Primary Reference:     Price and Trell pg. 221, fig. 486 (Paris specimen)
Photograph Credit:     Classical Numismatic Group
Source:     http://www.cngcoins.com/Coin.aspx?CoinID=16419
Grade:     Vecchi, U+0022Alexander the Great at Troy,U+0022 Minerva 12/4 (July/August 2001), pg. 56 (this coin)
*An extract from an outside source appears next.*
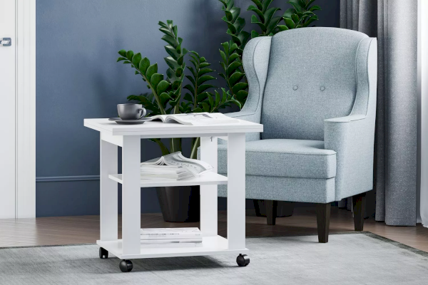 Благодаря поворотному механизму и подвижному соединению столешниц его можно раскладывать для увеличения площади. Если планируется частое использование мебели в различных комнатах, то колеса облегчат перемещение. Все механизмы конструкции обладают простым использованием.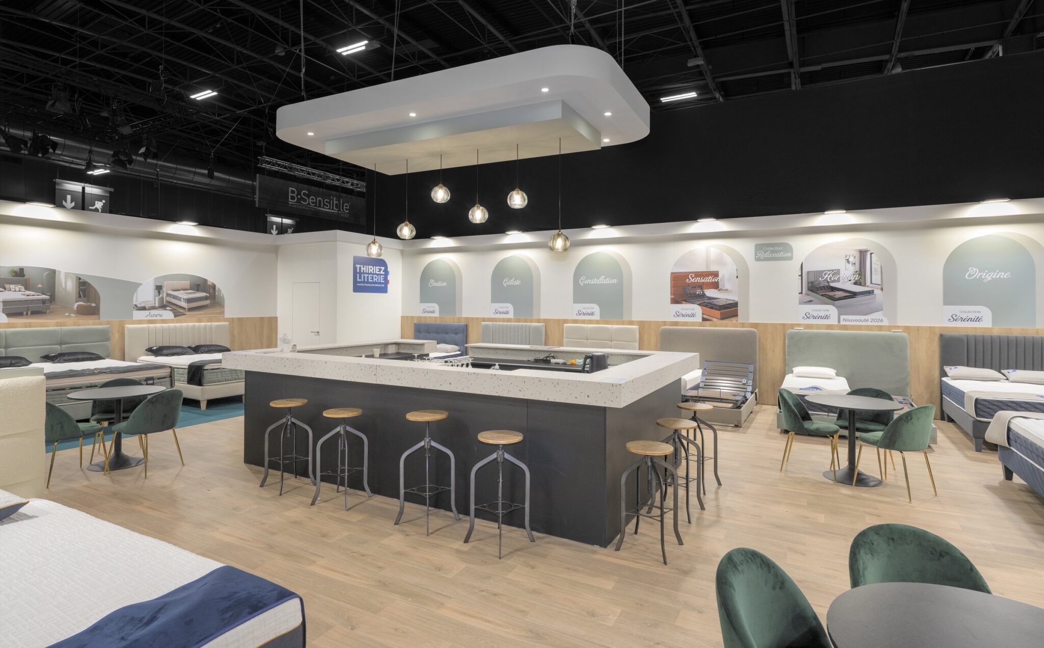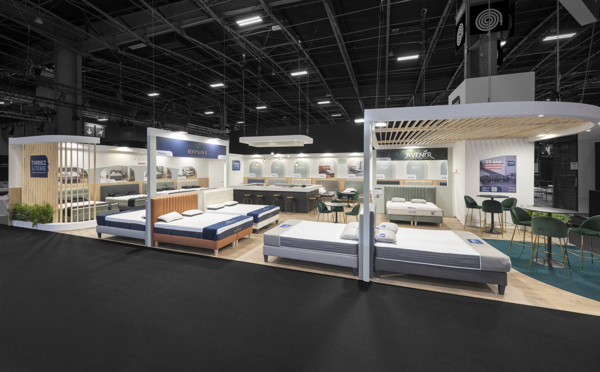 For the latest edition of the Esprit Meuble trade show, R2 Stand & Event has created a 204 m² stand for Thiriez Literie, combining maximum visibility, an inviting design, and an optimized visitor experience. Designed to be seen from all distances, the stand plays on several levels of communication: illuminated signage for identification from a distance, focus on product ranges at medium distance, and graphic messages and logos on partitions for proximity to visitors.

Notes:     Sale: Triton V, Lot: 1716 EF, dark green patina The correct interpretation of this coin's reverse has only recently been discovered. According to the ancient authors, Alexander carried with him everywhere his most precious possession - Aristotle's personal copy of the Iliad which the famous philosopher had given him. When Alexander led his Macedonian army to the Hellespont, he desired two things: "to be the new Achilles sailing once again for Troy, and to be the captain-general of the Hellenes exacting vegeance for the invasion of Greece by the Persian king Xerxes in 480 BC." After crossing the Hellespont on a bridge of Greek triremes sent by Parmenion, Alexander, in full armor, flung his spear into the sand and "claimed as from the gods the 'spear-won prize' of all Asia," an event known only from a second or third century AD abridgement by Justin (II.5.4-10) of Trogus' Historia Philippicae. This coin which displays this moment in time, a little known but important event in world history, is certainly worthy of a world class collection.